It's been a few months since Intel had to terminate its acquisition of contract chip manufacturer Tower Semiconductor (NASDAQ: TSEM), but Tower is wasting no time charting its path forward. It recently unveiled its long-term financial targets based on new investments it has made to expand its manufacturing capacity. The only problem is Tower and its customers remain in a deep downturn.
As I stated at the end of September, I was anxious to see Tower's first quarterly earnings update before deciding to buy (the first in two years, since Tower stopped reporting during the Intel tie-up talks, as is customary during acquisitions). After seeing the outlook for the final quarter of 2023, it's clear to me Tower is still on the struggle bus, but things might be improving soon.
Tower is unconcerned about short-term weakness
Tower is a smaller semiconductor contract manufacturer based in Israel.

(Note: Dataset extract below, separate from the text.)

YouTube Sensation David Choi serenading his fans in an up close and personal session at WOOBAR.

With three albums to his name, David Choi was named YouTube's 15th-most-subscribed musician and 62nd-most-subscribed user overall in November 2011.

It has lots of customers, especially for analog chips (which interact with a physical world signal, like radio frequencies, electric currents, or magnetic fields) and sensors (lights, sound waves, etc.).

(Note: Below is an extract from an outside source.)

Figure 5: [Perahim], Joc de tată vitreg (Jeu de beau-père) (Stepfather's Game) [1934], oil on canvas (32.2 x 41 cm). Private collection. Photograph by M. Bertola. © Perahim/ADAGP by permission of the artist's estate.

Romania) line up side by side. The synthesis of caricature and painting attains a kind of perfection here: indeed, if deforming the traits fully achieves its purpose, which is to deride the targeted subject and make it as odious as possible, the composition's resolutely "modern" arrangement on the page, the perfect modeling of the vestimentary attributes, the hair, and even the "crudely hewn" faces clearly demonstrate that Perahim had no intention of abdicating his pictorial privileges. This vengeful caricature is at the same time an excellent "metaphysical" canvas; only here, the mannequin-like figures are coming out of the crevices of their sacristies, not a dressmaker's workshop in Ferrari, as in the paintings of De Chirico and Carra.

After a stellar run of growth in the wake of the pandemic, Tower and its customers are now in a sizable downturn. Starting the second half of 2022, consumer demand for PCs and smartphones fell off a cliff. That market is now stabilizing, but just in time for industrial markets, including automotive chips, to enter their own downturn. The good news: Tower remains profitable.
Tower's Q3 update highlighted flat revenue from the prior quarter at $358 million, and net income of $52 million after subtracting the $290 million merger termination fee paid by Intel. Again, the good news is that the revenue decline has stabilized, and the bottom line hasn't dipped into the red.
However, the outlook for the fourth quarter implies that the no-growth environment will continue for now. At the midpoint, management expects revenue to be $350 million.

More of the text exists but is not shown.